American politicians still talk a big game about family values. But here are America's family values: no national, paid maternity leave – even though Pew Research reports that 47 percent of American women and 65 percent of married women with children work outside the home. No publicly funded childcare – although once the same kids are old enough for kindergarten, it's a given that governments should pay for schooling. No universal health insurance, so if you're not covered by commercial medical insurance through your employer or aren't poor enough to qualify for Medicaid – 15.7 percent of Americans or a whopping 48.6 million people fall through that crack and are without any medical insurance at all – medical care for pregnancy and birth can cost anywhere from $30,000 to $50,000. (The median U.S. household income in 2011? $50,054.00.) And if your teenage son goes to the store to get some Skittles and commits the crime of walking while black and wearing a hoodie, or does something truly outrageous and sinister like go for a drive with a friend, he might not return home alive (Trayvon Martin, Rakeish Brown). Social policies (or lack thereof) aren't irrelevant, abstract sword-fights and pissing matches. What goes on in houses of legislature matters in every house.

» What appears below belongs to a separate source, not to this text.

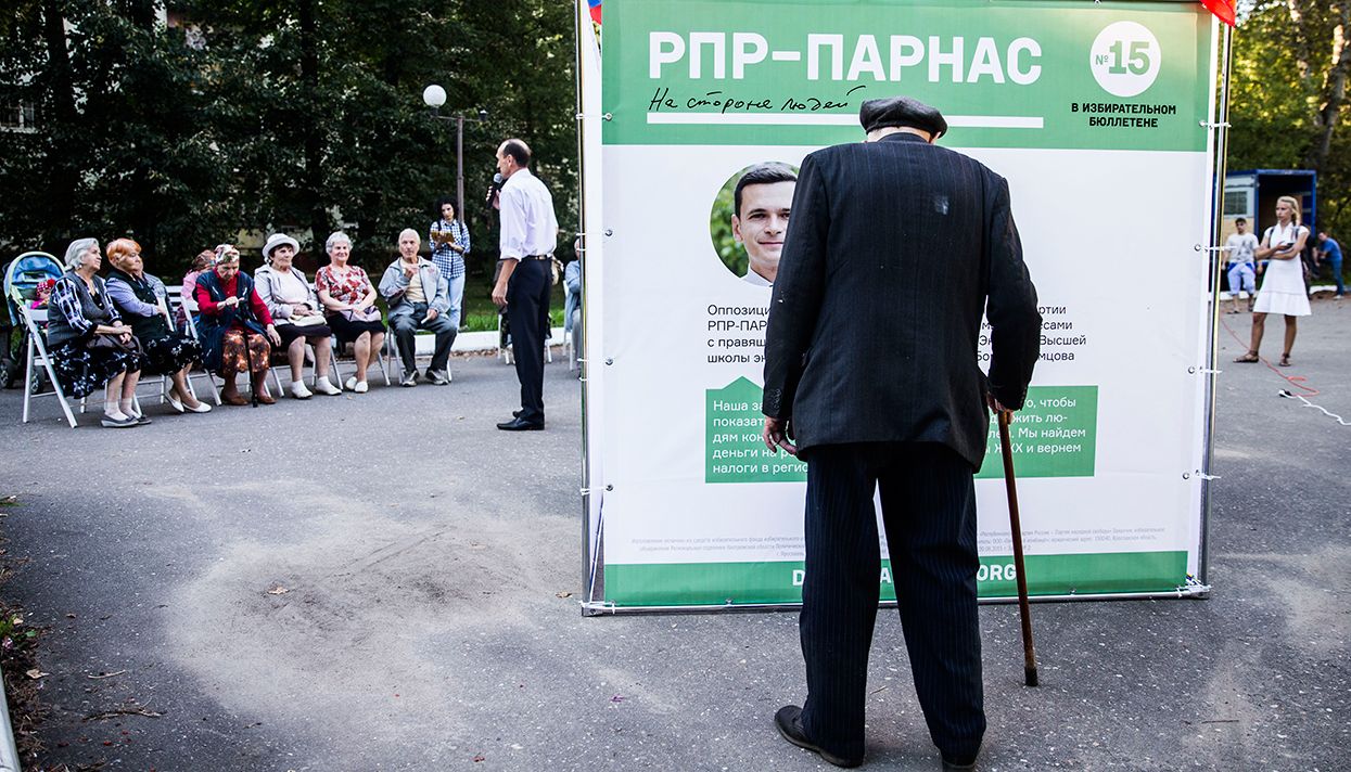Десять минут назад во дворе на детской площадке с жителями дома общался Яшин. В день он (как и № 2 в списке «Парнаса», местный политик Владимир Андрейченко) проводит пять встреч. Перед каждой из них во дворе — или на площади в райцентрах, куда кандидаты ездят на выходных — ставят раскладные белые стульчики для пожилых, а также агитационный куб с биографиями двух кандидатов «Парнаса» и их требованиями. Из колонок играет спокойная музыка, которая иногда прерывается призывом к жителям окружающих домов приходить на встречу.

And when nonprofits organize to fill material gaps, like the National Diaper Bank Network does, they're criticized for enabling people who make irresponsible, selfish decisions to have children. After all, if you can't afford kids, don't have them. Haven't you heard? Children are a luxury.

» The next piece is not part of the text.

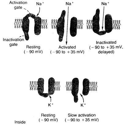 Основной механизм изменений проницаемости мембраны обусловлен событиями в натриевых и калиевых каналах мембраны. Состояние их ворот управляется величиной мембранного потенциала. Натриевые каналы имеют два типа ворот. Один из них, называемые активационными воротами закрыты в состоянии покоя и открываются при деполяризации мембраны. Поступление ионов натрия в клетку вызывает открытие всё большего числа активационных ворот. Второй тип ворот натриевых каналов - инактивационные при усиливающейся деполяризации мембраны постепенно закрываются, что останавливает приток натрия в клетку. Деполяризация мембраны также служит причиной открытия дополнительного числа калиевых каналов, в результате чего увеличивается проницаемость мембраны для ионов калия и происходит реполяризация мембраны.

Except they're not. Becoming a parent isn't a role every adult must automatically assume – no one should be forced to have babies they don't want, you hear that, Texas? – but having children is pretty common for people at all income levels. It's how every single one of us got here. Yet we collectively practice a kind of social and political tough love for families: “You did this, now fix it,” says Jackson, and good luck and God bless. No wonder, as Koenig wryly documents, some parents are desperately oversharing on Facebook; maybe, as Denney suggests, they feel so "isolated, exhausted, depressed and alone" that social media becomes a source of support. The ordinary and extraordinarily grueling activity of raising children becomes a lonesome and sometimes perilous slog when it's constructed as a selfish personal choice, a luxury and a hobby that no one else – not your friends on Facebook, your employers or your governments -- should have to hear about, support or even “like.”

Unless, of course, you're a rich, married celebrity. Then it's front-cover news that you want to have a family, maybe even a big one, because you're just like us.